L’enseigne figure parmi les traits caractéristiques de la physionomie des villes du XIII° au XVIII° siècle.

 

         Au-dessus d’un grand nombre de portes apparaissent les enseignes, consistant en statues, en bas-reliefs, en peintures fixées contre les murs et le plus souvent en tableaux aux contours découpés, attachés à des potences en fer forgé ou de bois, et cherchant le plus possible à attirer les regards par la forme, leur devise et leur sujet.

 

         Ce n’est guère qu’au XIV° siècle que nous les trouvons en grand nombre. A l’époque où les grandes foires de Champagne étaient dans toute leur vogue, elles se multiplièrent pour indiquer aux étrangers les hôtelleries où ils devaient loger, les boutiques des marchands avec qui ils étaient en relation, même les maisons de riches bourgeois qui recevaient des hôtes. Les enseignes ne donnaient pas seulement un nom et un caractère distinctif à la maison, elles fournirent assez fréquemment une désignation à la rue dans laquelle se trouvait la plus apparente d’entre elles.

 

         Les rues n’ont pas été dénommées d’une manière précise, par des écriteaux fixés à leurs extrémités, avant la mairie du comte de Mesgrigny, en 1766. L’usage leur avait cependant assigné une dénomination, et celle-ci était souvent déterminée par leur situation, leur destination ou la profession de ceux qui les habitaient. Mais à partir du XIV° siècle, elle tira souvent son origine d’une des enseignes les plus apparentes.

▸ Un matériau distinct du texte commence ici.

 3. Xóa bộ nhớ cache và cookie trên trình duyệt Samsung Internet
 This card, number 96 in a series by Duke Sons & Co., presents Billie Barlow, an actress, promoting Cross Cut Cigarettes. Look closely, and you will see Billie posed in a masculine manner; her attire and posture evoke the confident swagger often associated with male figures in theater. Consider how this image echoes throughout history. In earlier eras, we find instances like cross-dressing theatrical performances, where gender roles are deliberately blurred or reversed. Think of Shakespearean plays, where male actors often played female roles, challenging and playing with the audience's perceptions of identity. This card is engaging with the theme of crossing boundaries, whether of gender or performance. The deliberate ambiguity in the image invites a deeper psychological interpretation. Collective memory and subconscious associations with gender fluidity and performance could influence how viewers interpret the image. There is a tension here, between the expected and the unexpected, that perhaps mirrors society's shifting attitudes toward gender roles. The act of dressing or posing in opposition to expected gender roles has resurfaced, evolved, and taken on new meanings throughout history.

C’était d’ordinaire celle de la maison qui formait le coin de la principale artère. Elle attirait le plus les regards et par conséquent servait le mieux d’indication aux passants.

 

         Comme, surtout avant l’invention de l’imprimerie, une grande partie de la population ne savait pas lire, l’image était plus facile à reconnaître que ne l’auraient été les lettres d’un écriteau.

 

         Beaucoup de ces noms d’enseignes ont persisté dans la désignation des rues jusqu’au XIX° siècle, où la plupart ont été remplacés par des noms d’hommes plus ou moins célèbres.

 

         Avant les temps modernes, les noms des rues pouvaient changer comme ceux des principales enseignes. Quelques exemples : la rue de la Trinité a porté successivement les noms du Porcelet et du Cerf, la rue de Larrivey, après avoir reçu les noms de la Friperie et de la Charbonnerie, a été appelée alternativement la Tête noire, l’Ecritoire, la Papegay et la Limace.

 

         Les enseignes donnèrent aussi leurs noms à un certain nombre des puits publics qui se trouvaient dans la plupart des rues. Sur les 80 puits qui existaient encore à Troyes en 1854, 14 étaient désignés sous le nom de l’enseigne d’une des maisons voisines.

 

         Si beaucoup de maisons étaient décorées d’enseignes, il faut cependant se garder de croire que toutes en étaient pourvues. A partir de XVI° siècle, les grands hôtels, tels que ceux des Marisy, des Mesgrigny, des Ursins, des Chapelaines, furent désignés sous le nom de leurs propriétaires.

 

         A défaut d’enseigne personnelle, on s’abritait sous celle du voisin. Les enseignes foisonnaient dans certains quartiers, qui sont les plus commerçants de la ville, au Marché au Blé (place Jean Jaurès), comme dans les rues de l’Hôtel-de-Ville, d’Urbain IV, de Notre-Dame (Emile Zola), de la Cité. Elles étaient plus rares dans certaines rues transversales, et dans une partie du Quartier Bas, où les cloîtres en étaient dépourvus comme les maisons habitées par les petits artisans, les compagnons et les manouvriers.

 

Quelquefois l’enseigne servait à plusieurs corps de logis qui, d’ordinaire, avaient été divisés par suite de partages après décès. L’hôtel de la Chèvre, dans la rue de Châlons, appartenait en 1493 à 8 propriétaires, en 1587, il n’y en avait plus qu’un.

 

         Les armoiries de certaines familles nobles ou même bourgeoises ont pu servir à la désignation de quelques maisons, tandis que d’autres familles, peut-être en plus grand nombre, ont tiré leurs armoiries du sujet de leurs enseignes. Ainsi, les Le Tartier faisaient figurer en chef de leur écusson le « Château » qui pendait au-devant de la façade de leur maison patrimoniale. Il est parfois difficile de savoir si les blasons viennent des enseignes ou les enseignes des blasons.

 

         En général, l’enseigne n’était pas inféodée à la maison, elle appartenait à la famille, qui pouvait la transporter ailleurs. Elle pouvait être modifiée par un nouvel acquéreur.

 

         L’enseigne n’est pas toujours une propriété exclusive. Sans doute, on n’élève pas dans la même rue enseigne contre enseigne, mais on rencontre aux mêmes époques, dans des quartiers éloignés les uns des autres, des appellations semblables, telles que la « Hache », le « Chaudron », la « Croix d’or », les « Singes verts », l’« Ange », la « Fleur de lys », que nous trouvons simultanément dans le quartier haut et dans le quartier bas.

 

         Parfois, dans le même quartier, c’est l’épithète seule qui diffère. Il y a des « Têtes noires » ou rouges, « Têtes de nègres » ou de sauvages, des chevaux de toutes couleurs, rouge, blanc, noir, de bronze…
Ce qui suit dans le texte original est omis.